Work request.
Starting at the line below holding "Sandfarvet fajancestel i" and stopping at the line holding "Bij binnenkomst treft", print every line exactly, both ends included, and leave the rest out.

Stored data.
▼

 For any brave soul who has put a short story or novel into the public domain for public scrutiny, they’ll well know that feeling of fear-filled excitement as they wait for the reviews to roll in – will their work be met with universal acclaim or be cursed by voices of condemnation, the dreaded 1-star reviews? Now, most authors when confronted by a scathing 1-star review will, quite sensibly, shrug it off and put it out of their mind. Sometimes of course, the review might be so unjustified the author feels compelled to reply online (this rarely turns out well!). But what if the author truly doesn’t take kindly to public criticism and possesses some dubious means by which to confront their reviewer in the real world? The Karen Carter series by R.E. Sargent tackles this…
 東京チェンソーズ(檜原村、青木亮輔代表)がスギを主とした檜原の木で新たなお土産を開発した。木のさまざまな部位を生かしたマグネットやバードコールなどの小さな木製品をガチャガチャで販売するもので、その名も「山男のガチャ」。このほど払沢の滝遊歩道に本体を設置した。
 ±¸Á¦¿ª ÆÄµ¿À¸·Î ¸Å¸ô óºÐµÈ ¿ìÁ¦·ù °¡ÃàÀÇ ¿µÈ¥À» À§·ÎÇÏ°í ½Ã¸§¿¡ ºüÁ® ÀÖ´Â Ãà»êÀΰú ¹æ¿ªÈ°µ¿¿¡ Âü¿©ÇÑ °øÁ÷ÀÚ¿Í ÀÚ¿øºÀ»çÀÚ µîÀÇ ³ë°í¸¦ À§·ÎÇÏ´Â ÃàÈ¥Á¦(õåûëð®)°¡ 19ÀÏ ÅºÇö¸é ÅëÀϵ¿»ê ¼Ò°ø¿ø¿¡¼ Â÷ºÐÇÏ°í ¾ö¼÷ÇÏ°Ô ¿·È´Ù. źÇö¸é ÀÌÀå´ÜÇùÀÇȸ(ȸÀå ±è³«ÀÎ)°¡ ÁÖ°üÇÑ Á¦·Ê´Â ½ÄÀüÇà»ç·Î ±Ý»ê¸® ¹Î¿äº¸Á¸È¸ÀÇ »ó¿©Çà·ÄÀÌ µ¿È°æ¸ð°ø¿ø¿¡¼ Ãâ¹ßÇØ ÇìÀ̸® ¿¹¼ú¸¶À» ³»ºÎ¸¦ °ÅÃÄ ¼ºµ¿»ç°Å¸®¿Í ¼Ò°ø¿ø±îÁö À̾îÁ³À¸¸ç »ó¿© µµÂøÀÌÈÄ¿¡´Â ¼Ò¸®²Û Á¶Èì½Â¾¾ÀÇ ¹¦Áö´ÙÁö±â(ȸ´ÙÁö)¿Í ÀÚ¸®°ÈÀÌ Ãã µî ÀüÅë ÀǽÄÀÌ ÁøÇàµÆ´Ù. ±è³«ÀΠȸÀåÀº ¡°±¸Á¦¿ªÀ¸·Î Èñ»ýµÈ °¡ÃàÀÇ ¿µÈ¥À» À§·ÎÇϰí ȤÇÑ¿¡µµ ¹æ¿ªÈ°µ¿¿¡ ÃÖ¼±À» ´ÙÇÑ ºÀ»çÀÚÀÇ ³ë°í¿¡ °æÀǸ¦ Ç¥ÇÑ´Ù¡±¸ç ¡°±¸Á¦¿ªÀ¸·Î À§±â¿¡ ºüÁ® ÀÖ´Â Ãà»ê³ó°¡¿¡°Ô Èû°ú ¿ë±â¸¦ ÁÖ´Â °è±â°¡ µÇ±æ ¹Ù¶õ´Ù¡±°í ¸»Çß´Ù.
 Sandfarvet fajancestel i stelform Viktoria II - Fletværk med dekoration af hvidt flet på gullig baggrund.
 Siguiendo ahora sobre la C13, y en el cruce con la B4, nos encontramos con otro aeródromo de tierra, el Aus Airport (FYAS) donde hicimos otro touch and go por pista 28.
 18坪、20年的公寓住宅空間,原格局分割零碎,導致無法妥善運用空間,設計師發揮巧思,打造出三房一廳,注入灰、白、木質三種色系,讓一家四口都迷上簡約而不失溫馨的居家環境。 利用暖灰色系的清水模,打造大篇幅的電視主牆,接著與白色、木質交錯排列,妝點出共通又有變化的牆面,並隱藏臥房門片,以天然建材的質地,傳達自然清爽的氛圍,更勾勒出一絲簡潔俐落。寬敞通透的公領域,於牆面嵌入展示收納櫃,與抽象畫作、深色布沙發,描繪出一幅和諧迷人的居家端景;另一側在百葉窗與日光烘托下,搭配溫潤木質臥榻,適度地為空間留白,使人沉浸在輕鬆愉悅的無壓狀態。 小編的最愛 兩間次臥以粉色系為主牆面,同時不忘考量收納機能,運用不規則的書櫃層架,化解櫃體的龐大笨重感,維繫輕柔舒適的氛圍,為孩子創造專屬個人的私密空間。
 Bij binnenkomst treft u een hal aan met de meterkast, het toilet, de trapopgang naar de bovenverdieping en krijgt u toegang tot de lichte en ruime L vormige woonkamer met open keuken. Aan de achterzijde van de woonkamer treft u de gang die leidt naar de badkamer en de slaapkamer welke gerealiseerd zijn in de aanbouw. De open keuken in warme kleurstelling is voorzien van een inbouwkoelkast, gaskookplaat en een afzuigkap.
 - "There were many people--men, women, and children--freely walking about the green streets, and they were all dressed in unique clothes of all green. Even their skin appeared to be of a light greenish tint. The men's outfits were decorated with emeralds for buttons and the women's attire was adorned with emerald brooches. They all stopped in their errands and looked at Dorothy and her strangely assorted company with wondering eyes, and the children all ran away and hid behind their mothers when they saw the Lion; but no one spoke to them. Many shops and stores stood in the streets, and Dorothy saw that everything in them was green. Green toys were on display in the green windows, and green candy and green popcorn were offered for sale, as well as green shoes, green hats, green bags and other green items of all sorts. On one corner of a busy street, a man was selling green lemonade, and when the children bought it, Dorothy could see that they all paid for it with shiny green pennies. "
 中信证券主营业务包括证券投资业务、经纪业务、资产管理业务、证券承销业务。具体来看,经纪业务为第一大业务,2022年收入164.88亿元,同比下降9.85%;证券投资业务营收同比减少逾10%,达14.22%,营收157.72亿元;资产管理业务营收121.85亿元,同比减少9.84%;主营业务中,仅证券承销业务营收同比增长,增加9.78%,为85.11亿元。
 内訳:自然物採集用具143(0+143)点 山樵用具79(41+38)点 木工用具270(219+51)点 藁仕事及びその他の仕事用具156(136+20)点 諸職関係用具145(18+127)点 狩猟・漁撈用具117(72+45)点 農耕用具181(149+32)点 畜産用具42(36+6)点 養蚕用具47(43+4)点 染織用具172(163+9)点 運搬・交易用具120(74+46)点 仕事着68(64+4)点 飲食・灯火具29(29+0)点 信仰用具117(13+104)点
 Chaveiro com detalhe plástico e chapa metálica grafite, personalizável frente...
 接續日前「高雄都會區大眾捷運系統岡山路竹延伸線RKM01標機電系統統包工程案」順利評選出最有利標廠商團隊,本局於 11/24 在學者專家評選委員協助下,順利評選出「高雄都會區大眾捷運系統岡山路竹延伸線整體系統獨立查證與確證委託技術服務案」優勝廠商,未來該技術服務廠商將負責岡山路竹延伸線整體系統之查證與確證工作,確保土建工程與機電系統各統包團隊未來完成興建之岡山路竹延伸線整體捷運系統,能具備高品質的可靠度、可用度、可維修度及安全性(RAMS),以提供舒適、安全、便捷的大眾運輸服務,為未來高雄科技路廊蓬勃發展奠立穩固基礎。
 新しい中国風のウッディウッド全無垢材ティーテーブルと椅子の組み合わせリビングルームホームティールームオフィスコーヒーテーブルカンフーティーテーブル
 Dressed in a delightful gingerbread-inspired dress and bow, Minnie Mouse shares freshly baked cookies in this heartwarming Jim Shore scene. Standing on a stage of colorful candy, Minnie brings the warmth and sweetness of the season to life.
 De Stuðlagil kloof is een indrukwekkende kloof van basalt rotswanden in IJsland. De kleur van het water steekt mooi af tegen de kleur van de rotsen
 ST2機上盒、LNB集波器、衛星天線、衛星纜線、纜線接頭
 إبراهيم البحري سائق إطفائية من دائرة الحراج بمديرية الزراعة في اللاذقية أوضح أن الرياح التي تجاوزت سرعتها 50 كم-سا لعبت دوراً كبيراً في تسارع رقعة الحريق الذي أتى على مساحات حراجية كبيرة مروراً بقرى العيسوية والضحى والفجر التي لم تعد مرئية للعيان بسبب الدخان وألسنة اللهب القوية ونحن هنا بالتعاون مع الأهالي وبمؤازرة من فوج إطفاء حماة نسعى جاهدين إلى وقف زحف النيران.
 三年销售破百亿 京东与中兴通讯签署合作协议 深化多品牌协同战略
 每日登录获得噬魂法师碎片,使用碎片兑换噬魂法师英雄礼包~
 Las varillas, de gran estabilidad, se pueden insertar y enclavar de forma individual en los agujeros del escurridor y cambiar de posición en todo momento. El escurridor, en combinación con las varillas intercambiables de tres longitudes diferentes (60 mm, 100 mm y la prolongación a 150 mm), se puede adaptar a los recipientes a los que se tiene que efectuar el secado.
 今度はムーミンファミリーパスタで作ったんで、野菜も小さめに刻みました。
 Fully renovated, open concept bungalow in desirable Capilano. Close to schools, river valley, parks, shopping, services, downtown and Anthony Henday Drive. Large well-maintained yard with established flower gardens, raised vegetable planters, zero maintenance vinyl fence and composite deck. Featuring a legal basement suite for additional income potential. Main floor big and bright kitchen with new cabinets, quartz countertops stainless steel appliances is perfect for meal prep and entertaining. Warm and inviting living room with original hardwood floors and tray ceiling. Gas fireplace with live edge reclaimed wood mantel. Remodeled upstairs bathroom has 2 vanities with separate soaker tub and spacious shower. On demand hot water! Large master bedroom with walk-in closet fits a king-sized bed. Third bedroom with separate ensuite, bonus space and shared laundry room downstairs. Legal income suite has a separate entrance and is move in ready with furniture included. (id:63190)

▲

Exercise solution.
 Sandfarvet fajancestel i stelform Viktoria II - Fletværk med dekoration af hvidt flet på gullig baggrund.
 Siguiendo ahora sobre la C13, y en el cruce con la B4, nos encontramos con otro aeródromo de tierra, el Aus Airport (FYAS) donde hicimos otro touch and go por pista 28.
 18坪、20年的公寓住宅空間,原格局分割零碎,導致無法妥善運用空間,設計師發揮巧思,打造出三房一廳,注入灰、白、木質三種色系,讓一家四口都迷上簡約而不失溫馨的居家環境。 利用暖灰色系的清水模,打造大篇幅的電視主牆,接著與白色、木質交錯排列,妝點出共通又有變化的牆面,並隱藏臥房門片,以天然建材的質地,傳達自然清爽的氛圍,更勾勒出一絲簡潔俐落。寬敞通透的公領域,於牆面嵌入展示收納櫃,與抽象畫作、深色布沙發,描繪出一幅和諧迷人的居家端景;另一側在百葉窗與日光烘托下,搭配溫潤木質臥榻,適度地為空間留白,使人沉浸在輕鬆愉悅的無壓狀態。 小編的最愛 兩間次臥以粉色系為主牆面,同時不忘考量收納機能,運用不規則的書櫃層架,化解櫃體的龐大笨重感,維繫輕柔舒適的氛圍,為孩子創造專屬個人的私密空間。
 Bij binnenkomst treft u een hal aan met de meterkast, het toilet, de trapopgang naar de bovenverdieping en krijgt u toegang tot de lichte en ruime L vormige woonkamer met open keuken. Aan de achterzijde van de woonkamer treft u de gang die leidt naar de badkamer en de slaapkamer welke gerealiseerd zijn in de aanbouw. De open keuken in warme kleurstelling is voorzien van een inbouwkoelkast, gaskookplaat en een afzuigkap.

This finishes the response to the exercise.